An 18th Century Spanish Silver Charger
English currency was even called "Sterling", and the legal act of hallmarking silver was similar to minting coins- English hallmarked silver was guaranteed to be of currency standard, and its value was therefore definite. Nowadays we baulk at the idea of weighing fine antique silver to ascertain the metal value, but in Georgian times and earlier, this was common practice, and in fact, the only way in which value was truly measured.

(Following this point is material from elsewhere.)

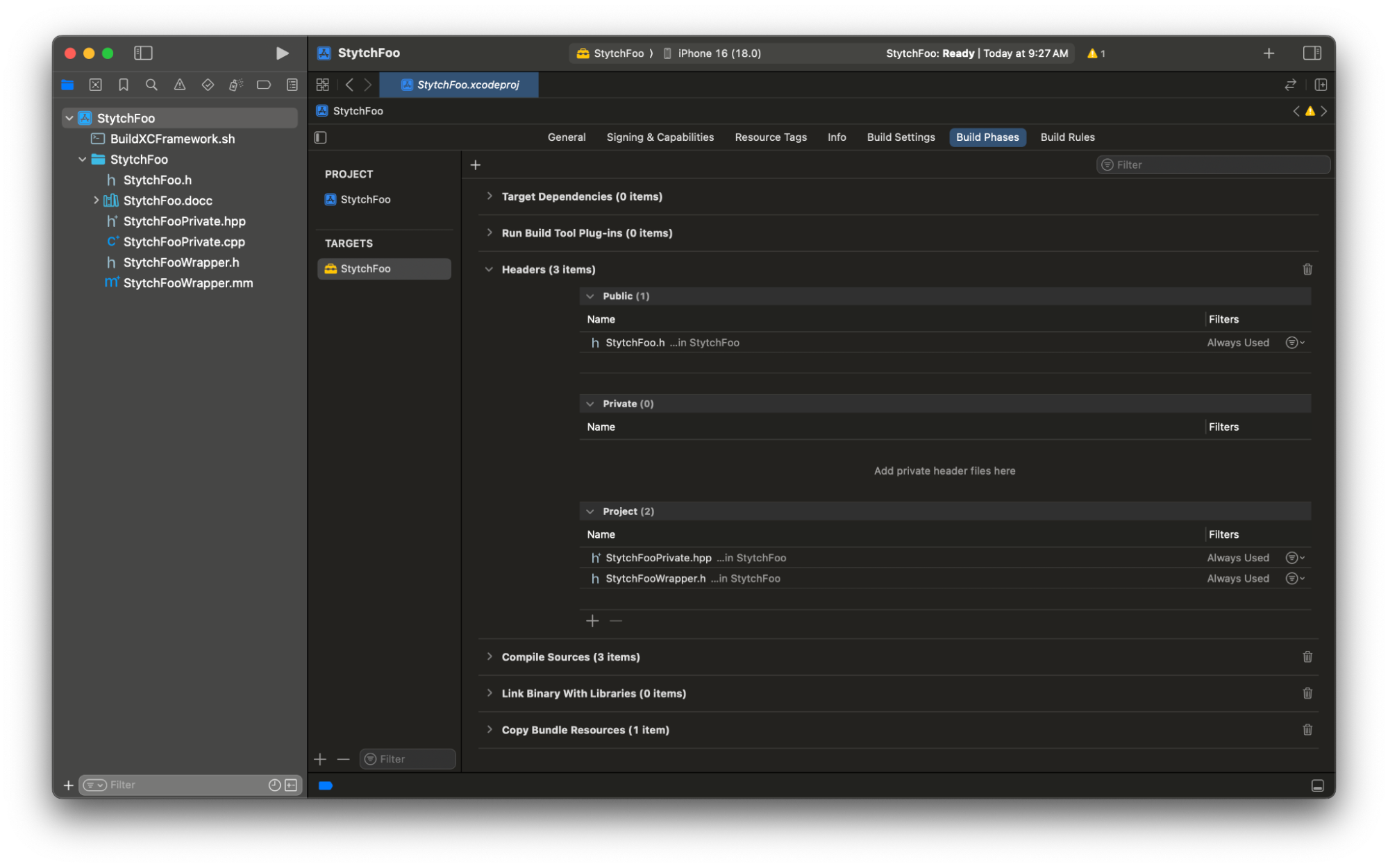 Delete the Copy Bundle Resources section by clicking the trash can icon on the right to prevent source files from being copied into the final XCFramework for distribution. Your build phases should only include the following sections.
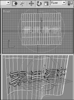 5. 單擊主工具欄中的"Bind to space Warp"(綁定到空間扭曲上)按鈕,選取文字將它牽引到波浪空間扭曲對象上,就完成了文字對象與波浪空間扭曲對象的綁定,再次單擊播放按鈕,就可以看到文字對象的動態效果了(如圖5)

A pair of Georgian Salvers Hallmarked Sterling, London, 1764
In many ways then, things have not changed so much. Certainly with early silver the weight of the metal bears little relation to the value of the object. Antique value is ascertained in different ways- rarity, quality, condition etc. One would never dream of asking a furniture dealer the mahogany value of a George III dining table! There is a perception that all antiques go ever upwards in value as they get older, and presumably rarer. This is, of course, not a hard and fast rule. There are no hard and fast rules in the world of investment, and so I never tell my customers they should invest purely from a monetary motive.
What is certain though, is that Antiques generally provide much better value than new goods. Expensive new luxury items are generally worth less than half of the retail price if one comes to re-sell. Antique silver holds a good proportion of the value one has originally paid, and may indeed show an overall good investment.
This was as true in the 18th century as it is now. Wealthy Georgian families saw the value of their silverware go up and down with the price of the silver, but they knew that like any investment it was subject to fluctuation, and that unlike company shares, silver will always be valuable and desirable.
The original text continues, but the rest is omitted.